#### Assignment
Below are some records. Return exactly the lines from the one with "4 mønstrete gardiner ecru og grå" to the one with "Der HSS-Spiralbohrer PointTeQ ermöglicht", and nothing else.

::: The data :::

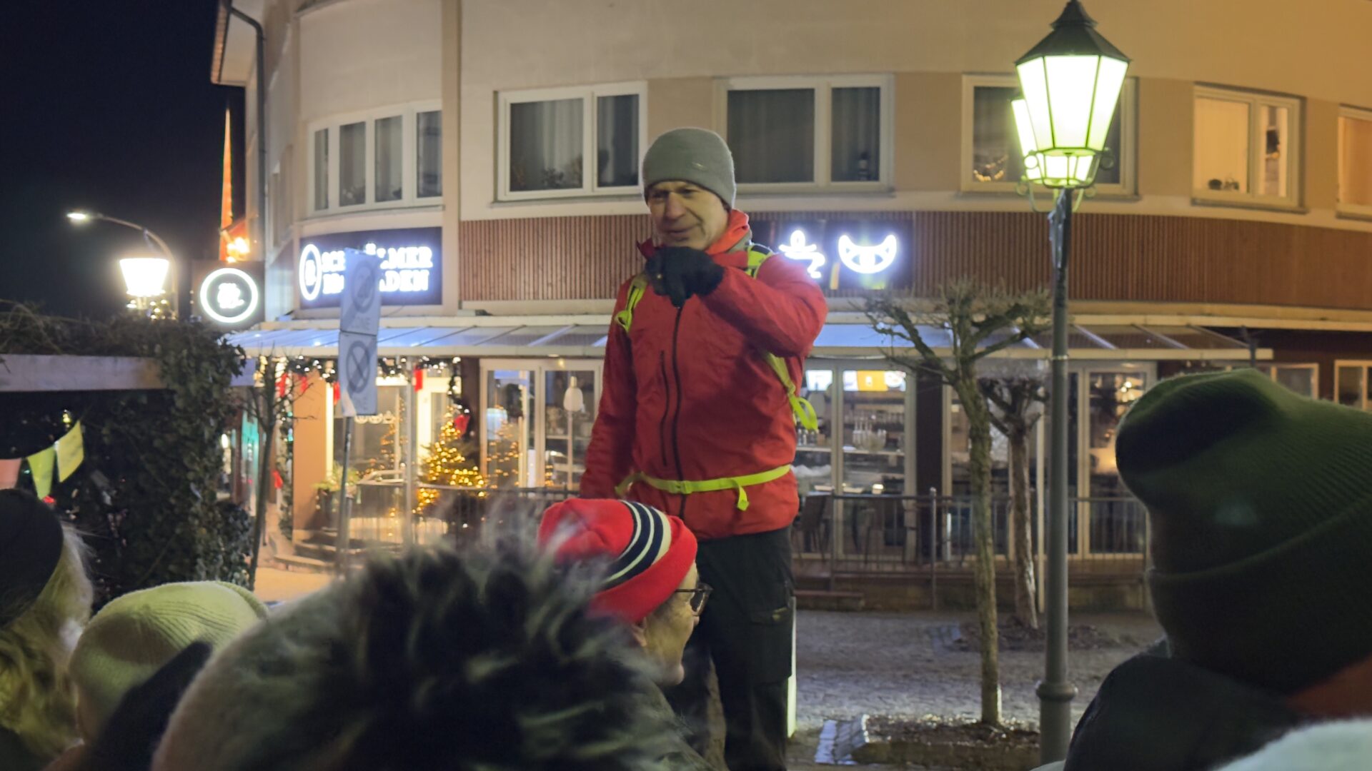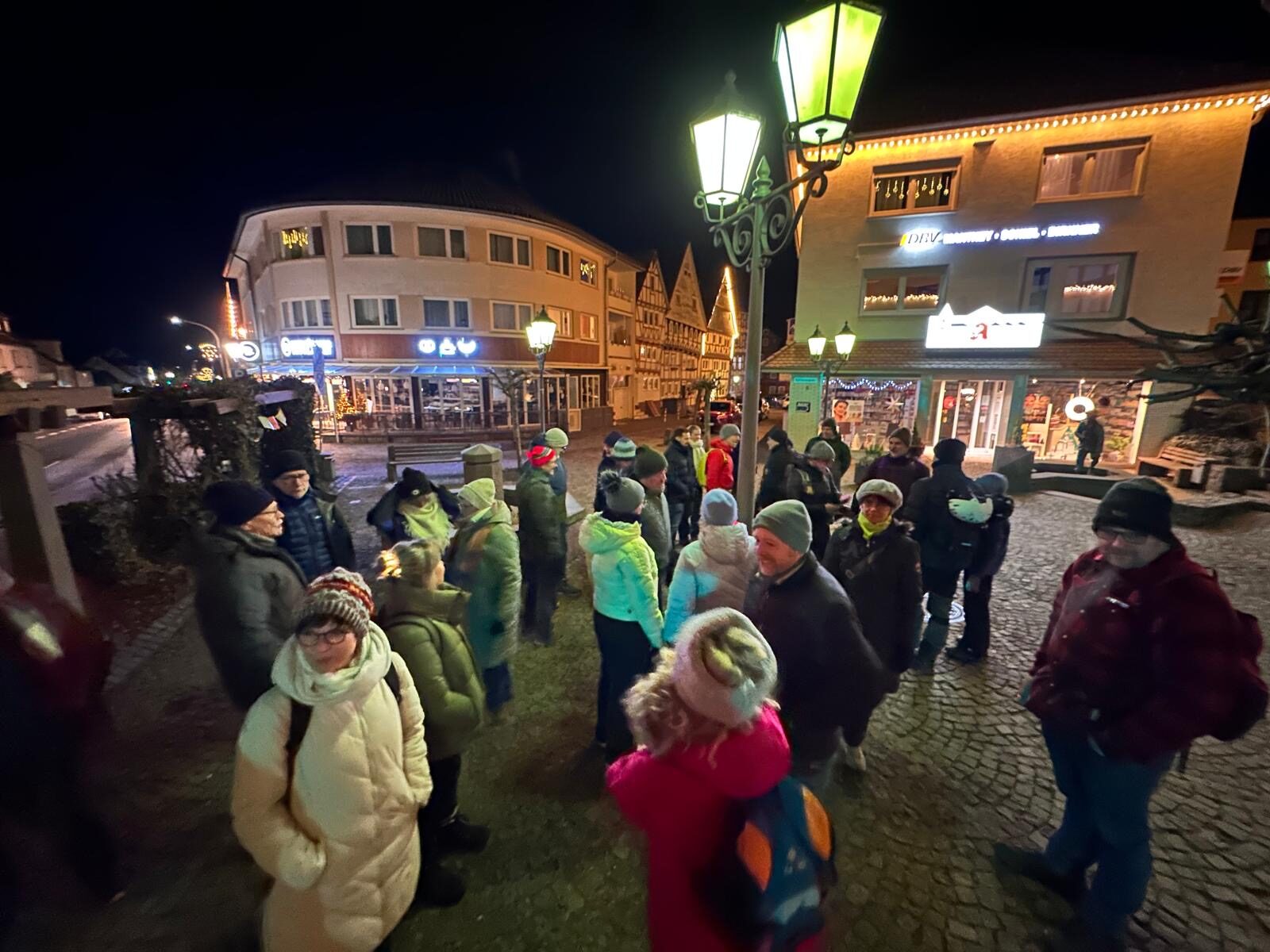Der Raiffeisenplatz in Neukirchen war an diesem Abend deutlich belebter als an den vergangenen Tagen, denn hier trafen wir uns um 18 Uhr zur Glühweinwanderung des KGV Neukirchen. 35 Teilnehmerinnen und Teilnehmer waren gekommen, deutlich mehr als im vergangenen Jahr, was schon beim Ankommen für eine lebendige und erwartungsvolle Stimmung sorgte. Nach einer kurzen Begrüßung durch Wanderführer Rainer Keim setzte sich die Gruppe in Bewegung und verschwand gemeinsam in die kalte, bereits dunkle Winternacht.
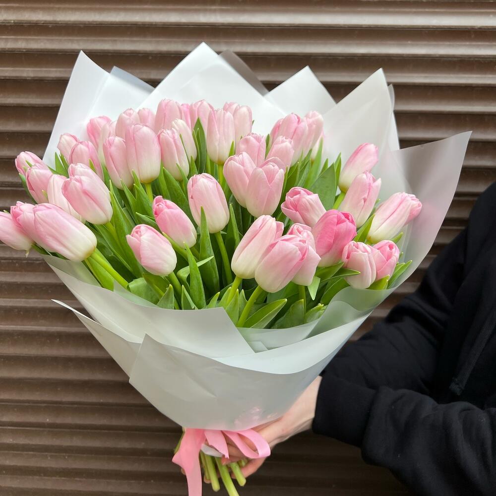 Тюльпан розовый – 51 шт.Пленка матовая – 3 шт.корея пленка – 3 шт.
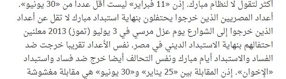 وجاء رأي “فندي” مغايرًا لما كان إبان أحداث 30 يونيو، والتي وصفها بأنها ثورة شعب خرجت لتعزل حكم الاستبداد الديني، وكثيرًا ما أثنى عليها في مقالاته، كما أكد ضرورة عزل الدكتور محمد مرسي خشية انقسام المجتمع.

:::
::: The data :::

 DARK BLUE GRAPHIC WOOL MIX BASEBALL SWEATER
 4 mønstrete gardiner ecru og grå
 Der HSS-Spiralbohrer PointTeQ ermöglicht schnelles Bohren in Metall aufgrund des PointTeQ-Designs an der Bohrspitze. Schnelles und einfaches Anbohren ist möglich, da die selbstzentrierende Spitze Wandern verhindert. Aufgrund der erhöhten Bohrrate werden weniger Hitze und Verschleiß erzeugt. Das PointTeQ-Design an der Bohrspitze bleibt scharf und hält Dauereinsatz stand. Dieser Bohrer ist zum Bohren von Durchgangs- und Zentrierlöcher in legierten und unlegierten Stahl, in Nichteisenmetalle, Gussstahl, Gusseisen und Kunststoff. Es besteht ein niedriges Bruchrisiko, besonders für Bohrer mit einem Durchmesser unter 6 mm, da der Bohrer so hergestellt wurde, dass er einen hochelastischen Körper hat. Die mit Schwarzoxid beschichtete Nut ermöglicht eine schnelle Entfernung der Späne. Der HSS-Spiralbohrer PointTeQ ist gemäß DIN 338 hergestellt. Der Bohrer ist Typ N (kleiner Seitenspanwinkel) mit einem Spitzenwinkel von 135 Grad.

:::
::: The data :::

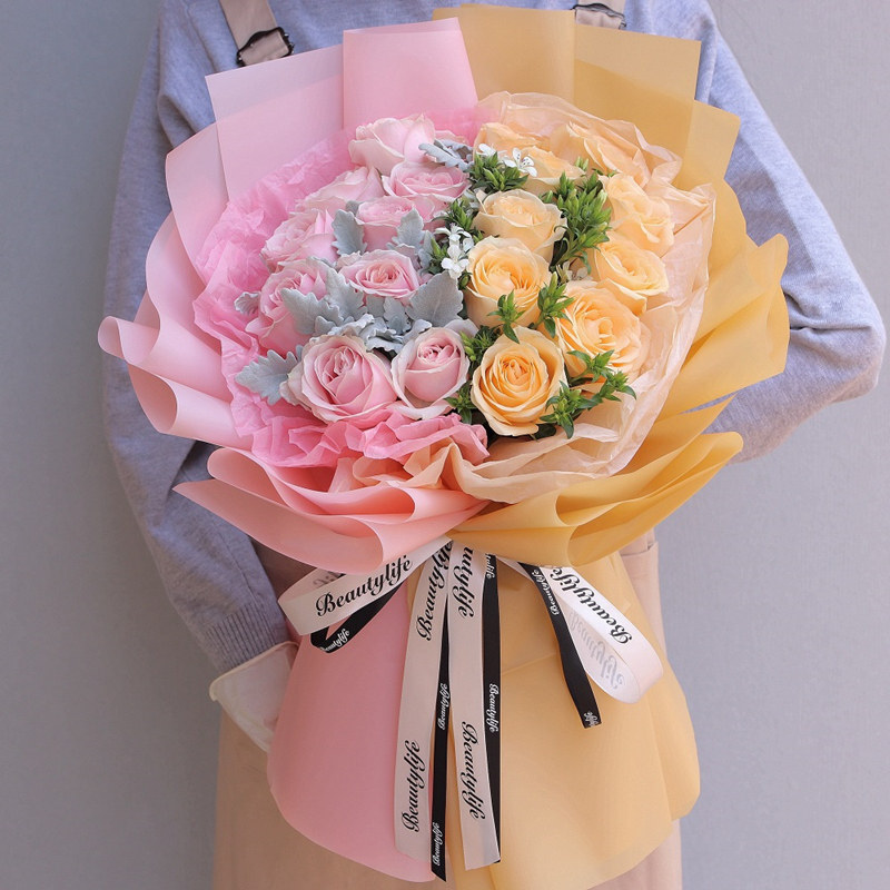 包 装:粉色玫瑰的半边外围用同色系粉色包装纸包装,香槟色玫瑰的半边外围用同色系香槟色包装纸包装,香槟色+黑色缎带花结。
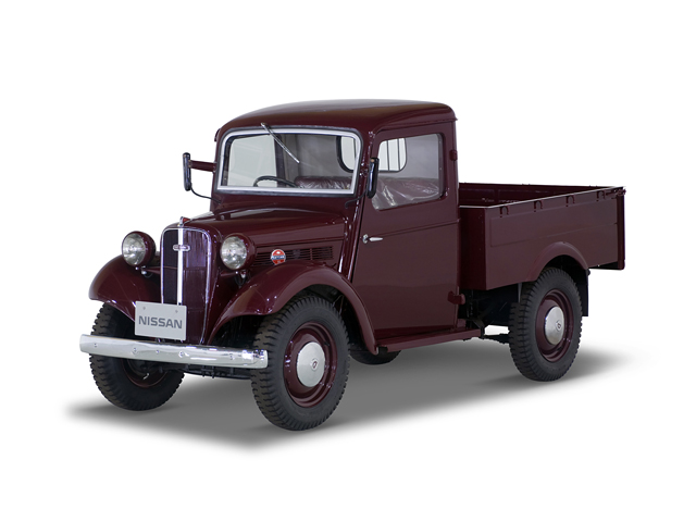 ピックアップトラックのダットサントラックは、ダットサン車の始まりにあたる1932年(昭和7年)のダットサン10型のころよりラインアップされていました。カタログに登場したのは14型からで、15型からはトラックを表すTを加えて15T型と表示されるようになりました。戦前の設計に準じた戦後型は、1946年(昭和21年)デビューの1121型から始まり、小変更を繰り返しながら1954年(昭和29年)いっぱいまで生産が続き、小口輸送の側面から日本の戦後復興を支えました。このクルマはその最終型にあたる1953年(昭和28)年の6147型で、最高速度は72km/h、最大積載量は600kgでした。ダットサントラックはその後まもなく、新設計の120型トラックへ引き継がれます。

:::

#### Output for this task
 4 mønstrete gardiner ecru og grå
 Der HSS-Spiralbohrer PointTeQ ermöglicht schnelles Bohren in Metall aufgrund des PointTeQ-Designs an der Bohrspitze. Schnelles und einfaches Anbohren ist möglich, da die selbstzentrierende Spitze Wandern verhindert. Aufgrund der erhöhten Bohrrate werden weniger Hitze und Verschleiß erzeugt. Das PointTeQ-Design an der Bohrspitze bleibt scharf und hält Dauereinsatz stand. Dieser Bohrer ist zum Bohren von Durchgangs- und Zentrierlöcher in legierten und unlegierten Stahl, in Nichteisenmetalle, Gussstahl, Gusseisen und Kunststoff. Es besteht ein niedriges Bruchrisiko, besonders für Bohrer mit einem Durchmesser unter 6 mm, da der Bohrer so hergestellt wurde, dass er einen hochelastischen Körper hat. Die mit Schwarzoxid beschichtete Nut ermöglicht eine schnelle Entfernung der Späne. Der HSS-Spiralbohrer PointTeQ ist gemäß DIN 338 hergestellt. Der Bohrer ist Typ N (kleiner Seitenspanwinkel) mit einem Spitzenwinkel von 135 Grad.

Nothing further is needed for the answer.